As I embraced feminism 'darling' was reduced to something I could accept from my grandmother, but from anyone else carried a hint of condescension. The man trying to sell me a car, the colleague who felt it was fine to press against me on the stairs, the creep at the party who sidled up with another glass of wine - I dismissed them all. 'Darling' was a word men used towards women, but women had no riposte. It was derogatory, implied I was some sort of floozie, an airhead, reduced to darlingdom that had nothing to do with ideas or thinking or genuine affection. A short-cut term that implied men had a right to claim my darlingness and I must be a killjoy if I should challenge them. It is, after all, only a bit of fun?
But suddenly something has changed. 'Darling' no longer has sexual connotations. It has become playful. It is fine when the man on the market calls me 'darling' - it is part of our Saturday banter. He can even suggest I've been out partying if I should happen to yawn, and it is a joke. He does not wave an erotic carrot, approach me with a courgette. 'Darling' is just part of our chattering, a token of affection and nothing more.
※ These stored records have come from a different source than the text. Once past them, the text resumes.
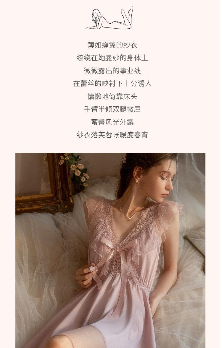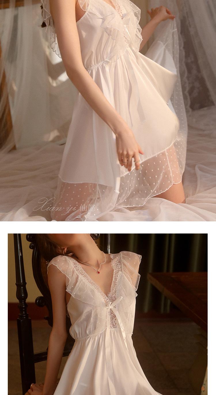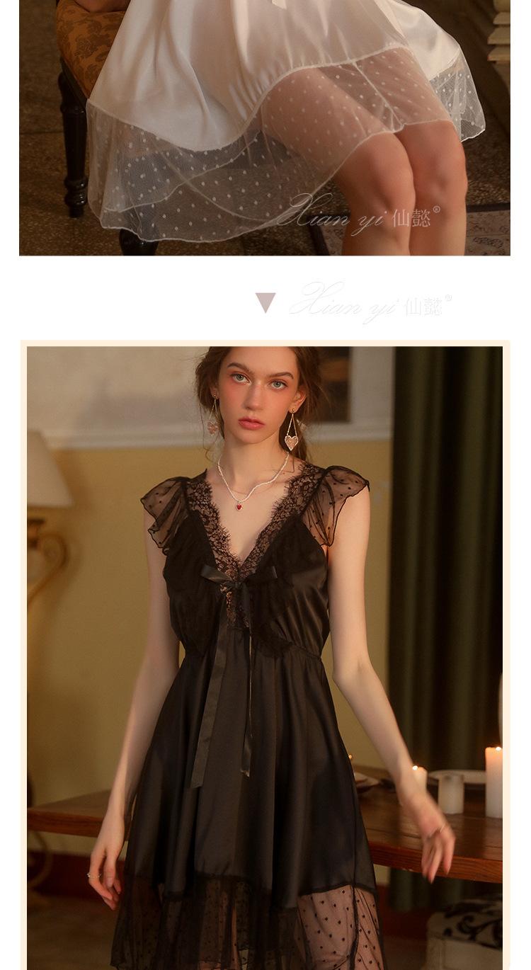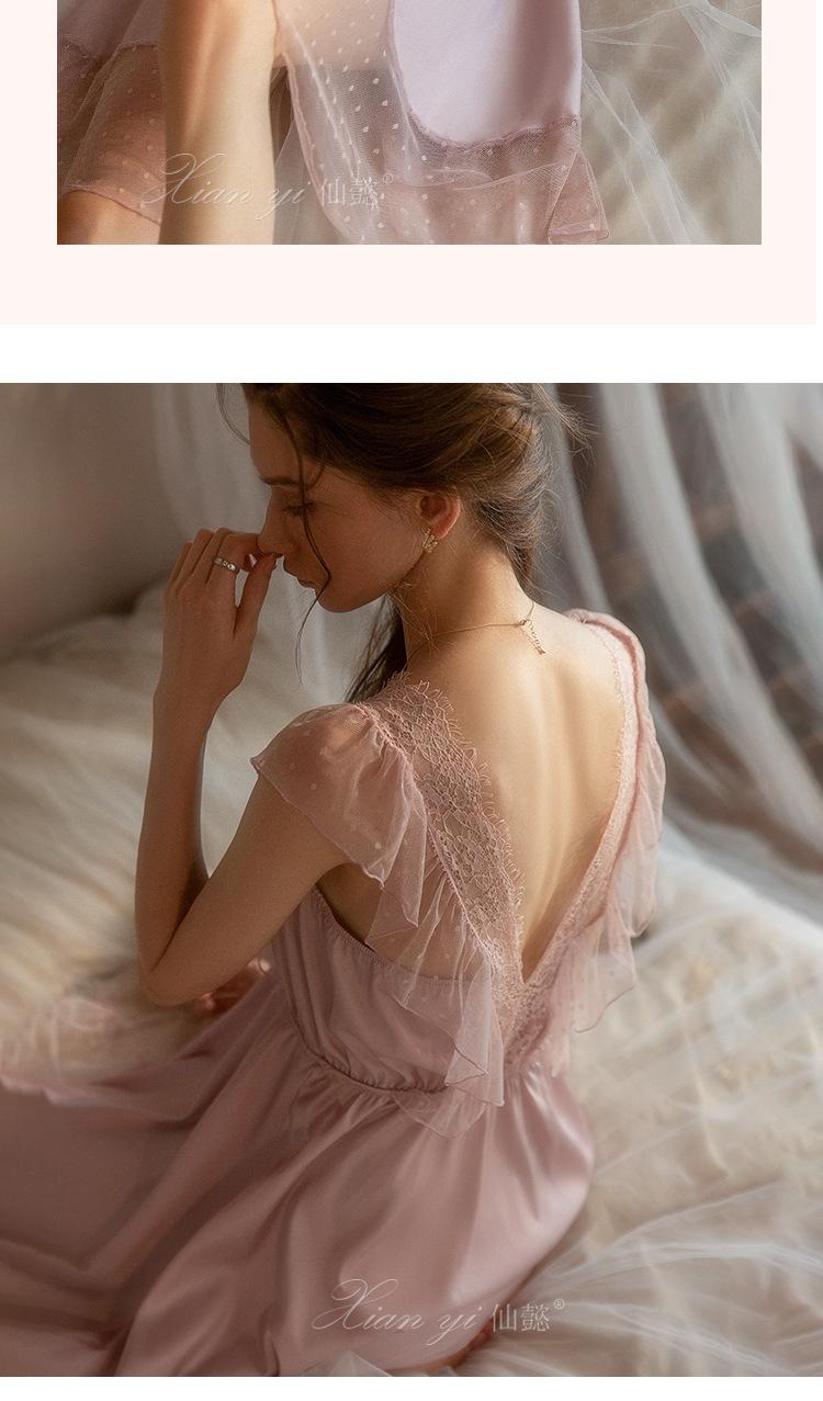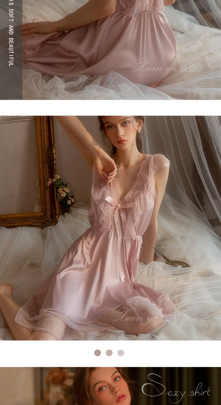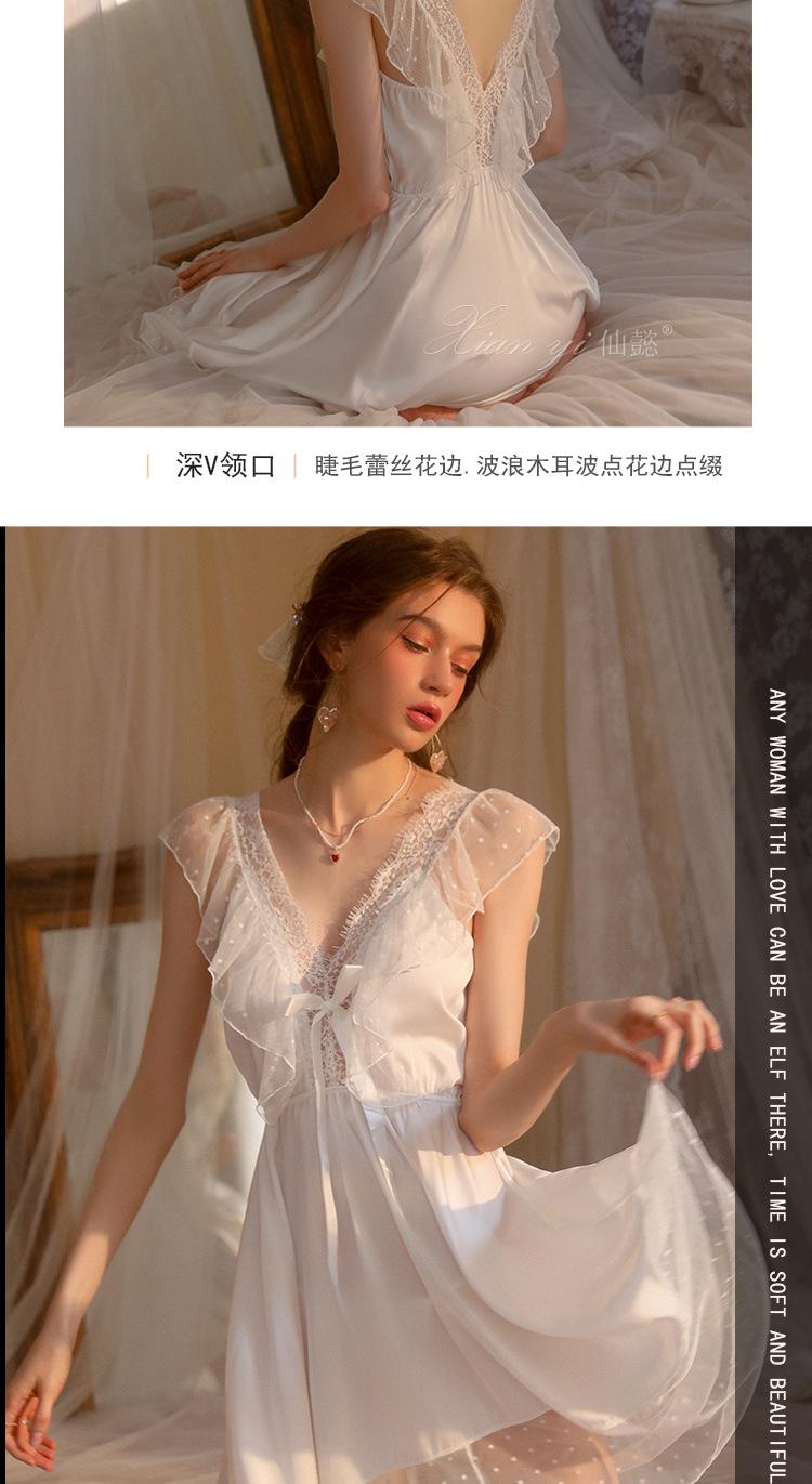 Camisola de Renda Xian Yi Feminina Verão Sexy Decote V Profundo Desejo Puro Alça Princesa Pijama Longo de Alta Qualidade Roupa de Casa 472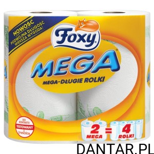 Dwie rolki ręcznika Foxy Mega odpowiadają 4 rolkom standardowego ręcznika.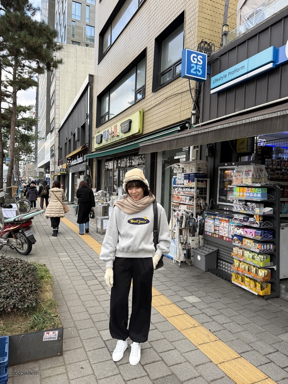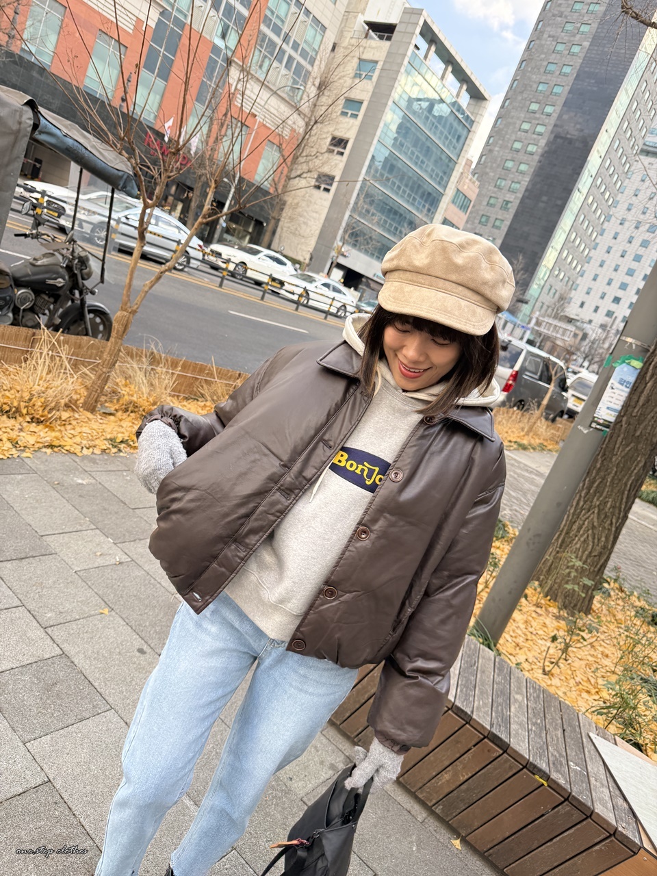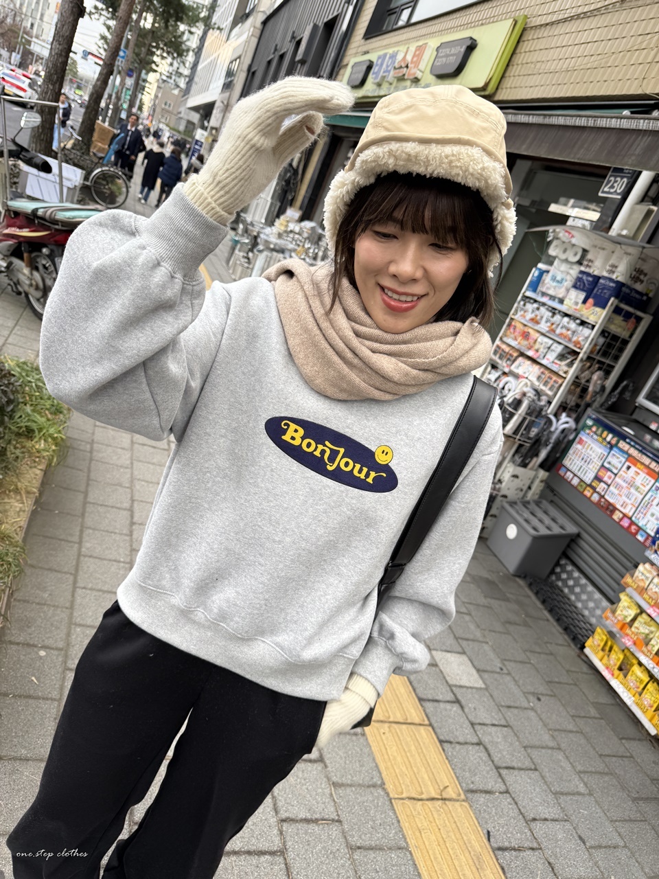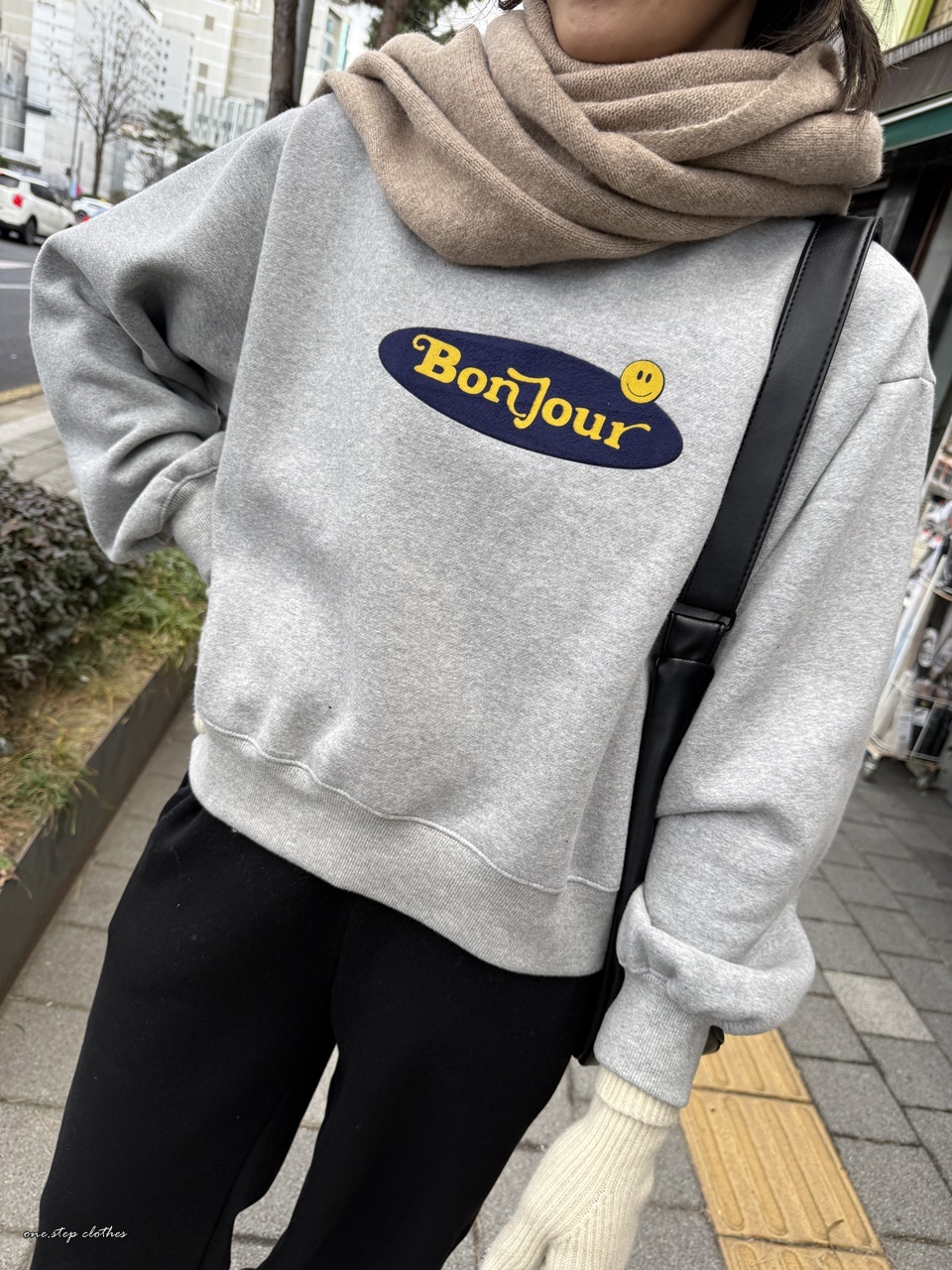 正韓bonjour笑臉刷毛大學T

I also, as a grandmother, use it with my grandchildren. I can't find another word that gets close to expressing how wonderful I think they are. They are too little (yet) to complain.
I have not abandoned feminism. It has framed my thinking for the last fifty years and I'll be a feminist till the day I die. I simply notice how my attitude to the darling word has changed as I have aged. And you - are there words that got under your skin a few years ago, but that wash over you now?